I am trying to make the following regular expressions to work in sed
command in bash.
^[^<]?(https?:\/\/(www\.)?[-a-zA-Z0-9@:%._\+~#=]{1,256}\.[a-zA-Z0-9()]{1,6}\b([-a-zA-Z0-9()@:%_\+.~#?&\/\/=]*))[^>]?$
I know the regular expression is correct and it is working as I expected. So; there is no help needed with that. I tested it on online regular expressions tester and it is working as per my expectations.
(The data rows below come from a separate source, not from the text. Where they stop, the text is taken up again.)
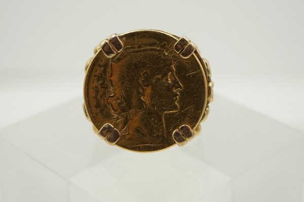 Bague en or jaune (750°°°) sertie d'une pièce de monnaie de 20 francs au coq en or, poinçon à tête d'aigle. Poids net: 10,1 gr.
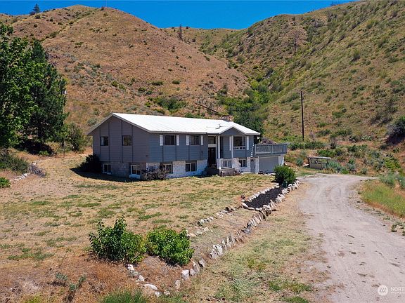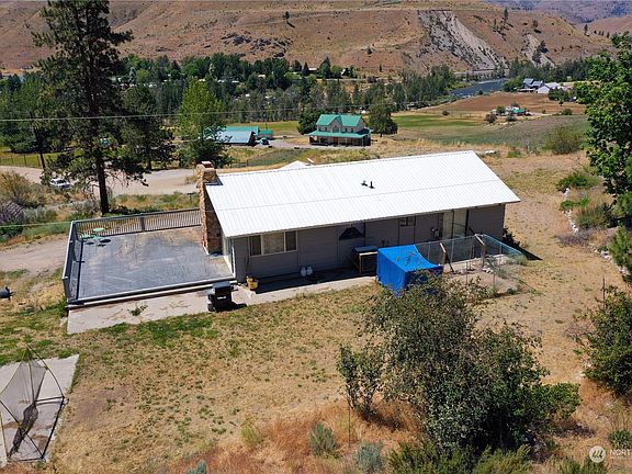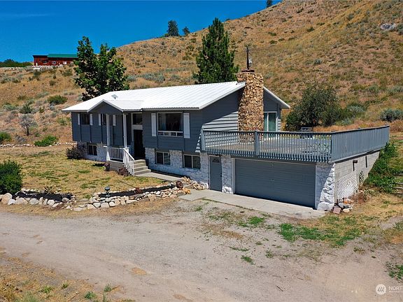 This magnificent Methow Valley 5 bed/2 bath retreat offers over 2,600 sq. ft of luxurious living space on 14.5 acres, with breathtaking valley views. The open-concept main living area features a custom rock fireplace and vaulted ceilings, leading to a rooftop deck perfect for enjoying the panoramic scenery. The upper level includes a serene primary bedroom with private patio access and two additional bedrooms, while the downstairs boasts two more spacious bedrooms, a cozy fireplace, a full bath, a wet bar, and attached garage access. Recent updates include fresh paint, new carpet, a new heat pump, and some brand new kitchen appliances. This exceptional home is a unique Methow Valley gem.
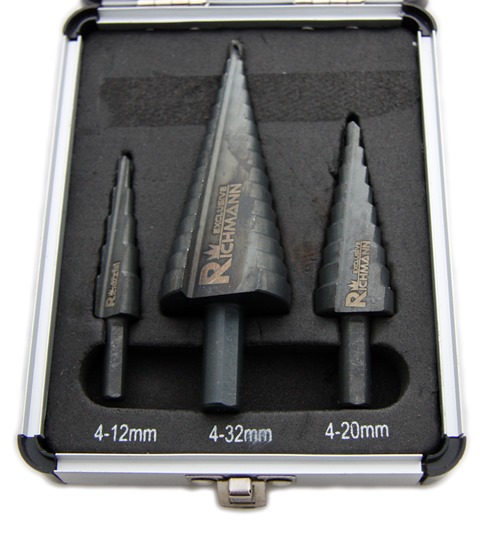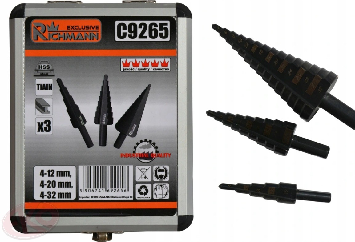 - Zestaw 3 sztuk wierteł przeznaczonych do wiercenia otworów w metalu i stali w zakresie 4-12mm, 4-20mm, 4-32mm
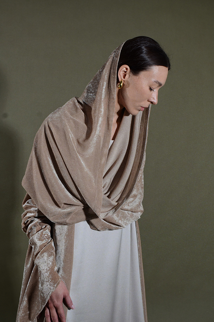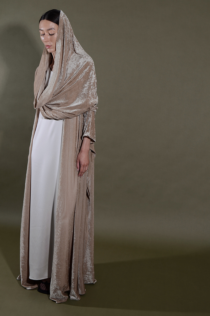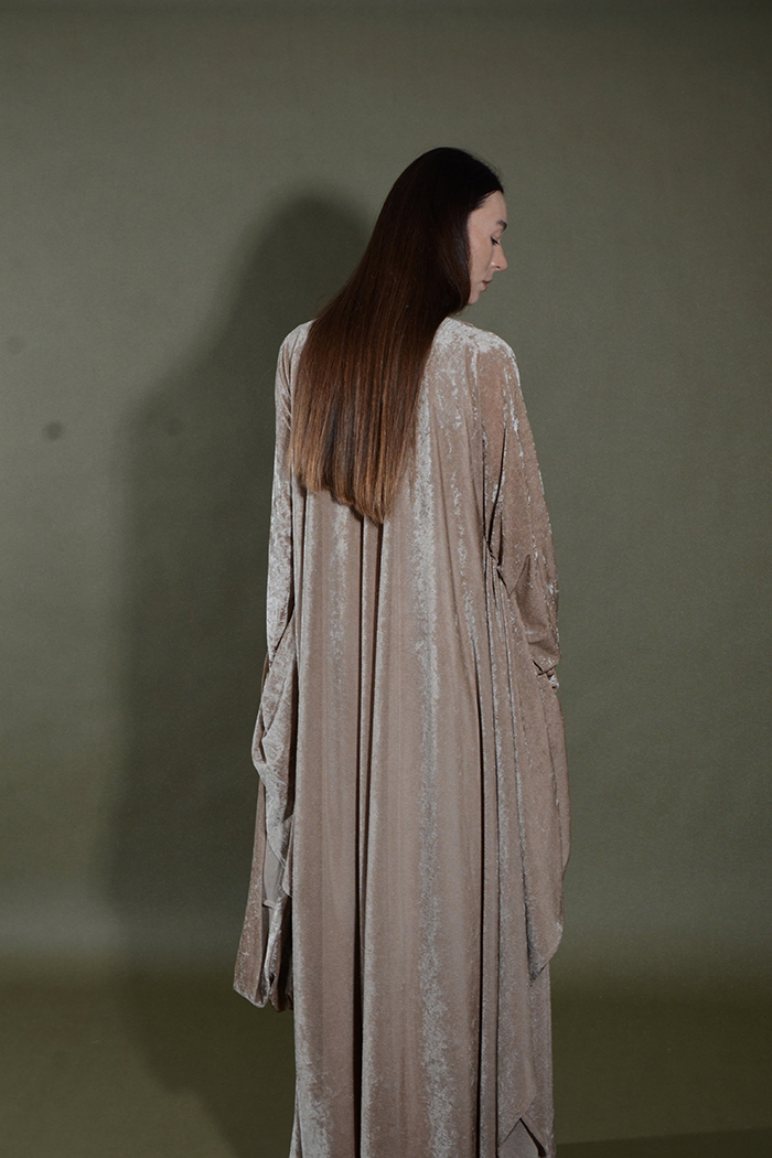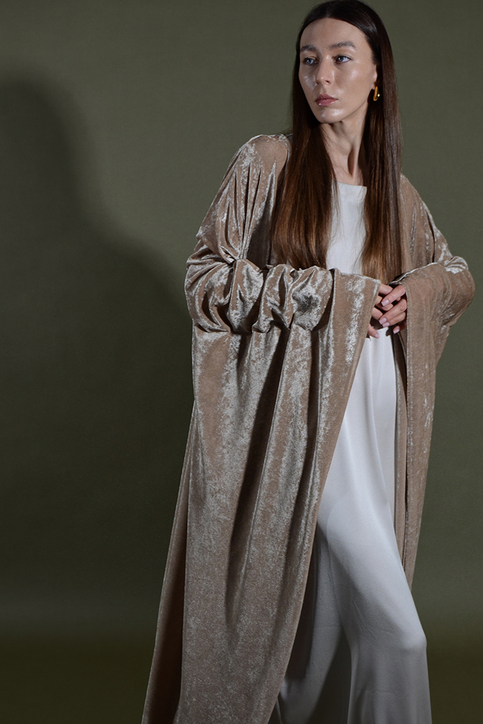 Velvet stretch abaya with ruch sleeves. Includes loop head scarf. This item is made to order, kindly allow 4 – 6 weeks for production and delivery.
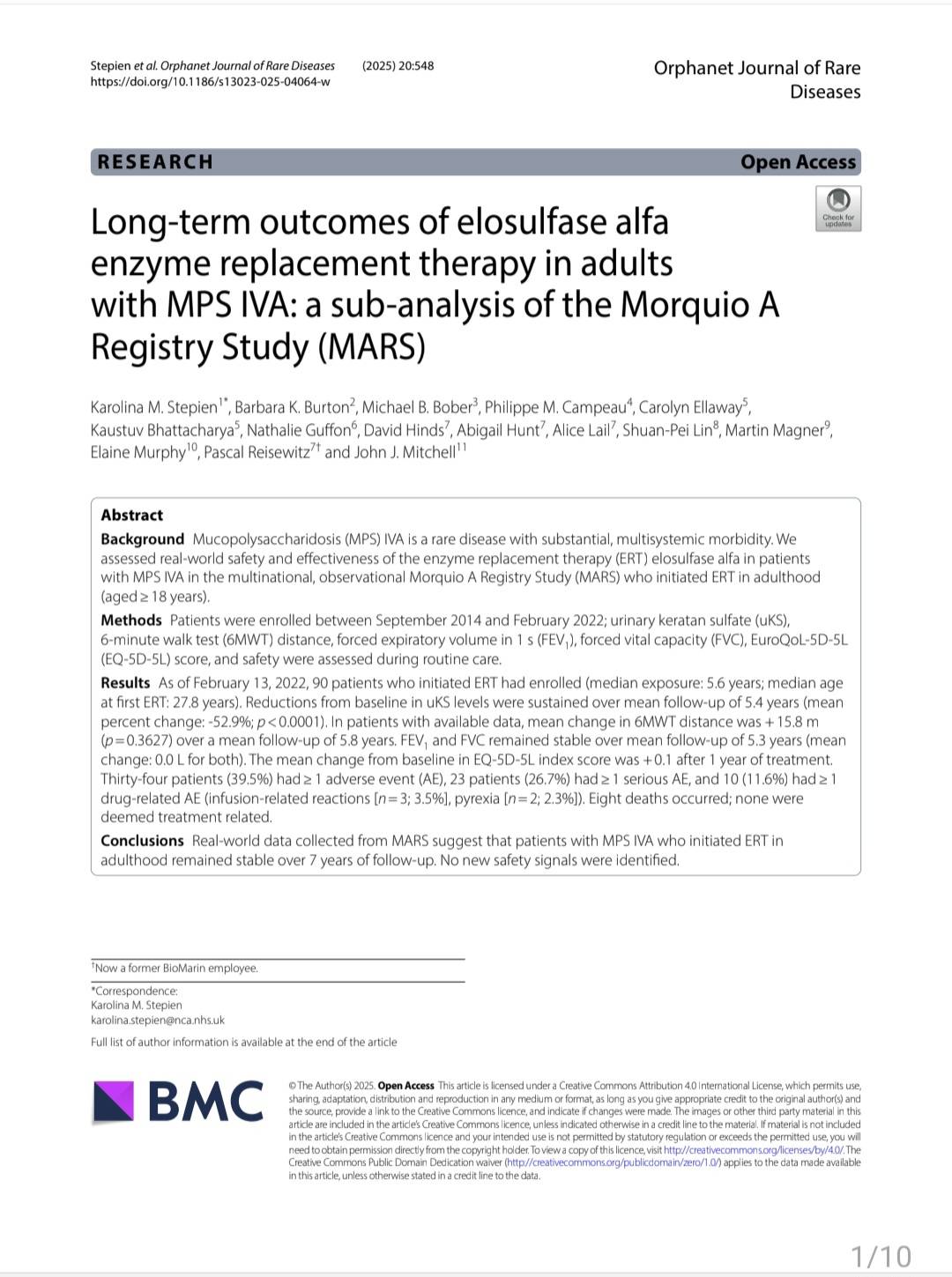恭賀!林炫沛教授代表台灣與國際黏多醣症醫療照護團隊〔國際合作〕之學術論文〔第四A型黏多醣症成年人 elosulfase alfa 酵素替代療法之長期療效:Morquio A 註冊研究 (MARS) 的亞組分析〕,今日榮登 SCI 國際醫學期刊 Orphanet Journal of Rare Diseases。
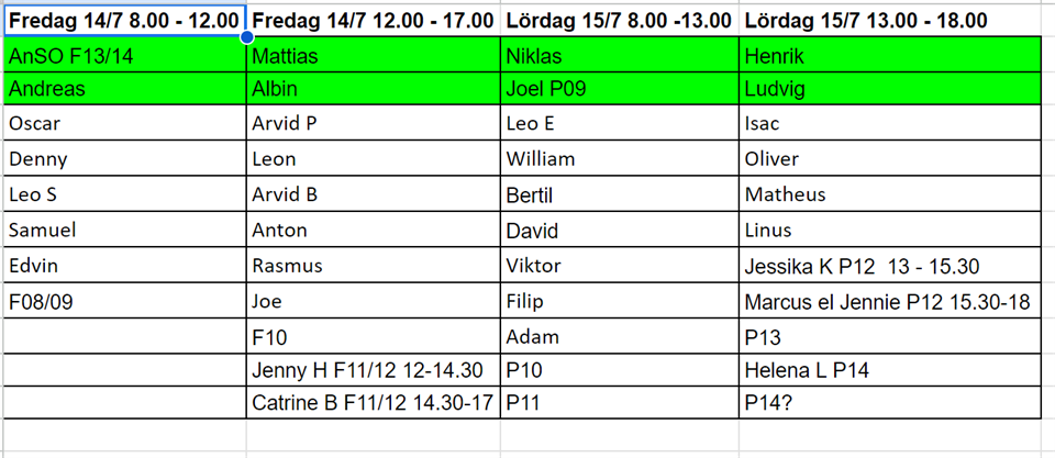 Hej! Här kommer viktig info till er som ska jobba på Wheels and wings i helgen. Ni har blivit tilldelade ett pass, ni ska stå i ett tält och hjälpa till med att sälja mat. Det är bra om ni är på plats på motorbanan 15 min innan ni ska gå på ert pass. För att komma in på området så behöver ni ett armband, det får ni av Andreas, Albin, Niklas eller Henke (ledare i U-laget) när ni kommer dit. Om ni kör bil dit så behöver ni även ett parkeringsbevis. Det får ni också när ni kommer. När ni kör till motorbanan och kommer från Ljungbyskolan så svänger ni ner vänster innan den stora entrén (där cruisingbilarna kör ut från motorbanan). Där har de sagt att vi kan parkera (vi får se hur det blir med det). Vi kommer att stå och dela ut armbanden och parkeringsbevis utanför stora entrén (där är en byggnad en bit bort, leta efter någon i Vinbergs tröja så löser det sig). Det kommer vara extremt mycket trafik så jag föreslår att ni tar er dit på annat sätt än med bil och räkna med att det tar extra lång tid i trafiken så var ute i mycket god tid. Jag lägger med det senaste uppdaterade schemat. Vi ses i helgen!
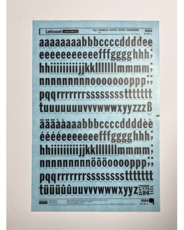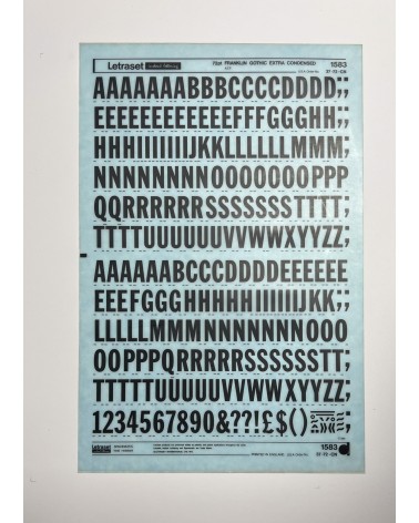 letraset-1523- BOOKMAN BOLD ITALIC - 72pt : Letraset was a company known for manufacturing sheets of typefaces and other artwork elements using the dry-transfert lettering method. This dry rub down transfer technique was used by the punk movement because of its ease of manipulation and quality of the rendered layout. They could create designs independent from printers and publishers.
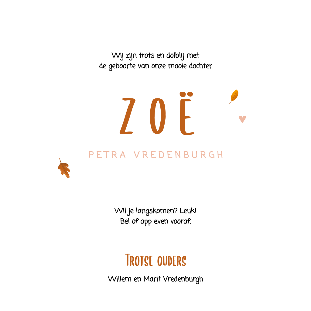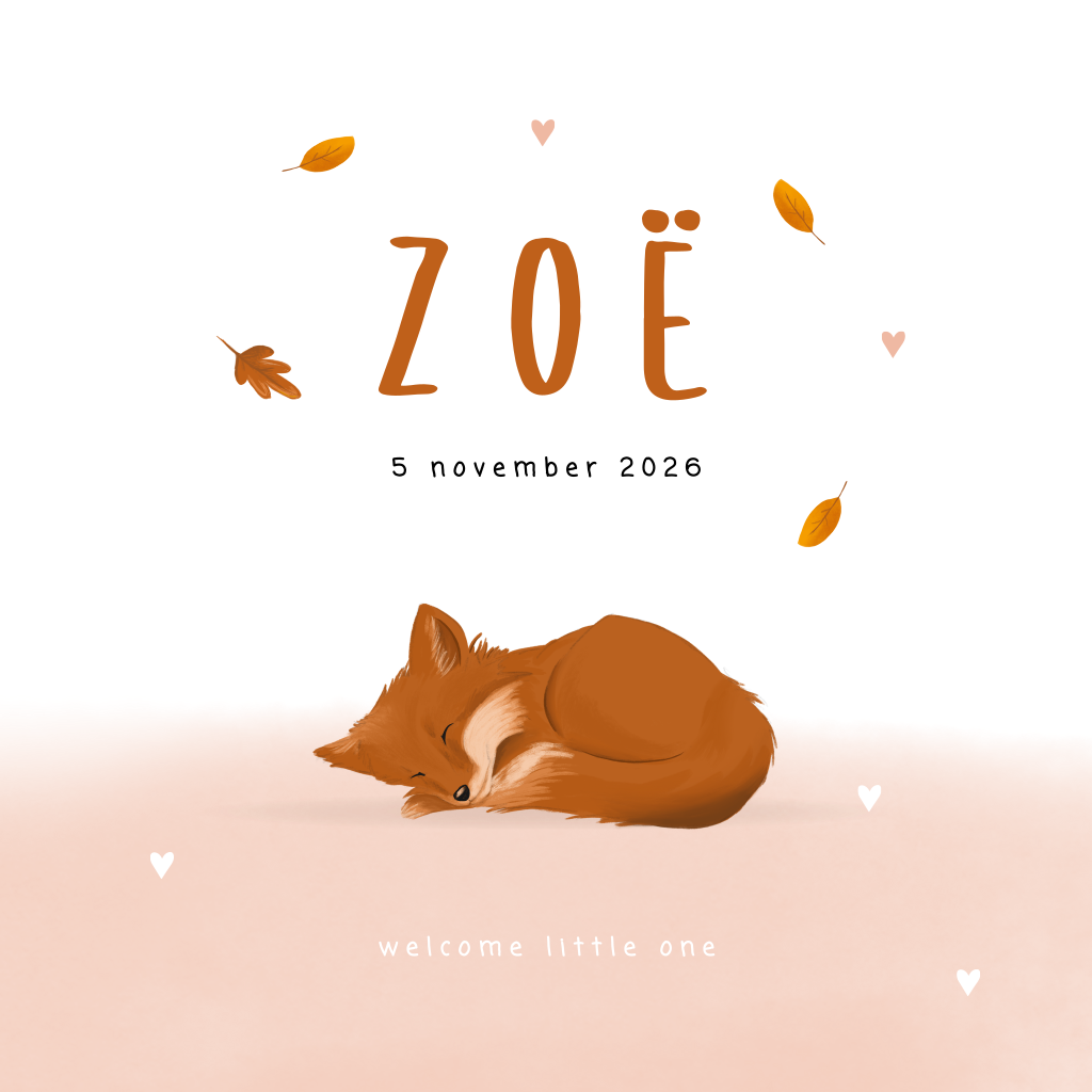 Roze geboortekaartje met slapend vosje en herfstblaadjes. Getekend geboortekaartje met een lieve illustratie van een vosje dat ligt te slapen. De achtergrond bestaat uit waterverf in de kleur blush. Rondom het beestje dwarrelen herfstblaadjes en kleine hartjes. Pas de teksten en lettertypes naar wens aan en bestel een drukproef. Tip, op structuurpapier lijkt de waterverf nog realistischer.
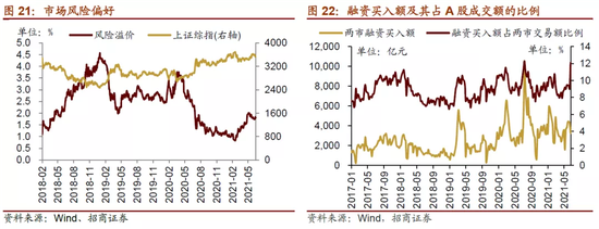 6月14日-6月18日,当周融资买入额为3255.5亿元;截止6月18日,占A股成交额比例为12.1%,较前期上升,投资者交易活跃度增强,股权风险溢价上升。
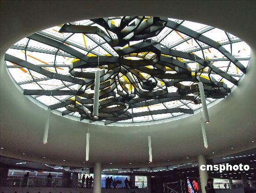 2008年1月7日消息,上海人民廣場站1、2、8號線三角地換乘大廳的改造已于日前全部完工,其頂部采用全新鏤空設計,造型如一朵朵徐徐綻放的白玉蘭花。中新社發 井韋 攝
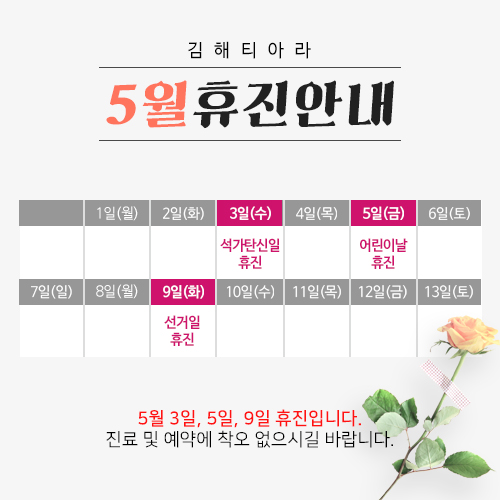 ±èÇØÆ¼¾Æ¶óÀÇ 5¿ù ÈÞÁø¾È³»ÀÔ´Ï´Ù.
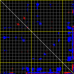 This matrix displays the maximum distance fluctuations between all pairs of CA atoms and between the two extreme conformations that were computed for this mode (DQMIN/DQMAX). Distance increases are plotted in blue and decreases in red for the strongest 10% of the residue pair distance changes. Every pixel corresponds to a single residue. Grey lines are drawn every 10 residues, yellow lines every 100 residues (counting from the upper left corner).
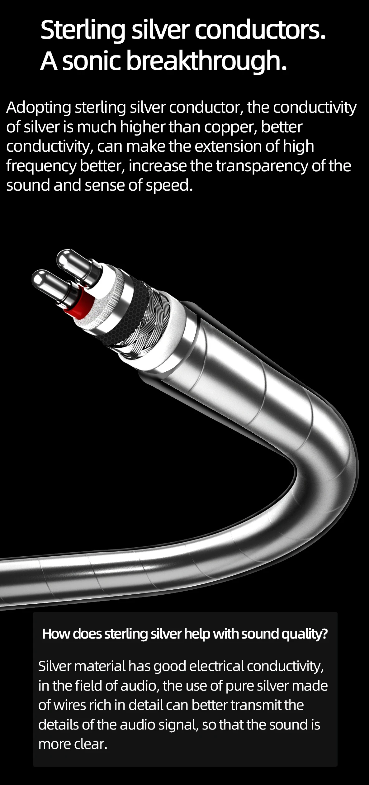 The cable is really high quality, beautiful, real sterling silver and sounds great.
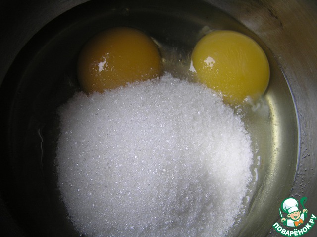 А пока приготовить баварский лимонный мусс. Желатин залить холодной водой (50мл) и оставить до набухания. Желтки смешать с сахаром.
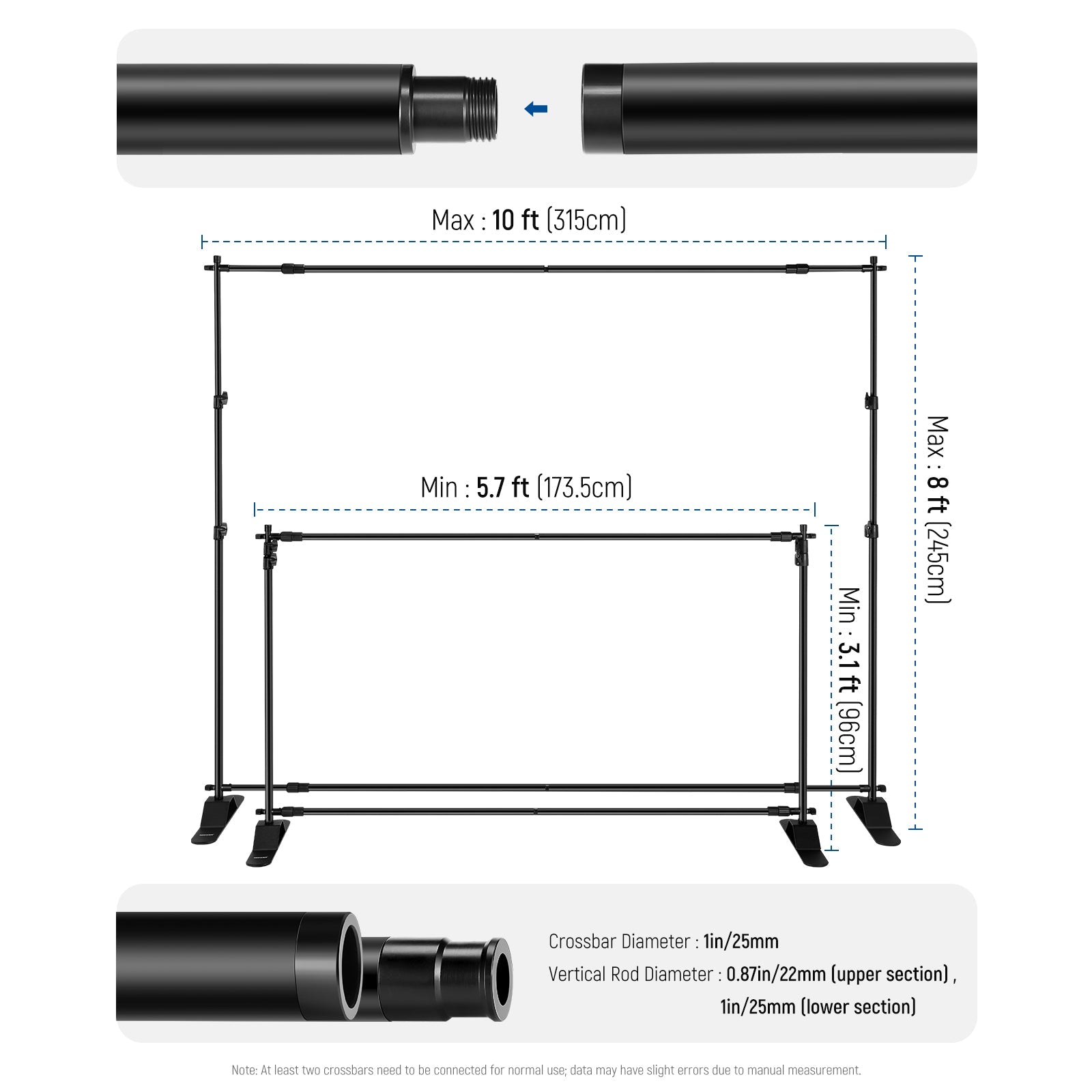 - Altura y ancho personalizables : con cuatro barras transversales desmontables (dos superiores, dos inferiores) y dos postes de extensión telescópicos, este soporte de telón de fondo ajustable ajusta fácilmente el ancho de 5,9 pies/180 cm a 9,8 pies/300 cm agregando o quitando barras transversales y configúrelo a su gusto. altura de 3,2 pies/98 cm a 8 pies/245 cm con un simple giro
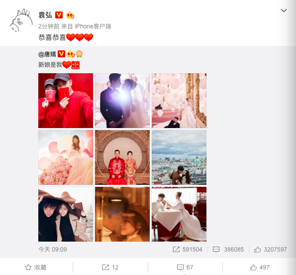 La Tấn và Đường Yên sau nhiều tin rumor cuối cùng cũng đã chính thức bước vào lễ đường thành hôn vào ngày hôm qua 28/10 ở Viên trong một khung cảnh vô cùng lộng lẫy xinh đẹp. Vào lúc 9 giờ 9 phút ngày 28 tháng 10 cả hai đã đăng lên những hình ảnh áo cưới và giấy lĩnh chứng tuyên bố chính thức kết hôn với bài viết: “Cô dâu là tôi” “Chú rể là tôi” thu hút lượng lớn người quan tâm. Bên cạnh lời chúc phúc của cư dân mạng là những vạn bè, huynh đệ tỷ muội tốt của cả hai như Trương Tịnh Dĩnh, Lưu Diệc Phi, Dương Mịch, Hồ Ca, Diêu Thần, Tiêm Nhẫn Tư… mỗi người theo một phong cách riêng của mình cũng đã gởi lên những lời chúc phúc cho cặp đôi ngay sau đó.

Please find the demo of the above regex in here.
My requirement:
I want to enclose every url inside <>
. If the url is already enclosed; then append it to the result as can be seen in the above regex link.
Sample Input:(in file named website.txt)
// List of all legal urls
https://www.google.com/
https://www.fakesite.co.in
https://www.fakesite.co.uk
<https://www.fakesite.co.uk>
<https://www.google.com/>
Expected Output:(in the file named output.txt)
<https://www.google.com/> // Please notice every url is enclosed in the <>.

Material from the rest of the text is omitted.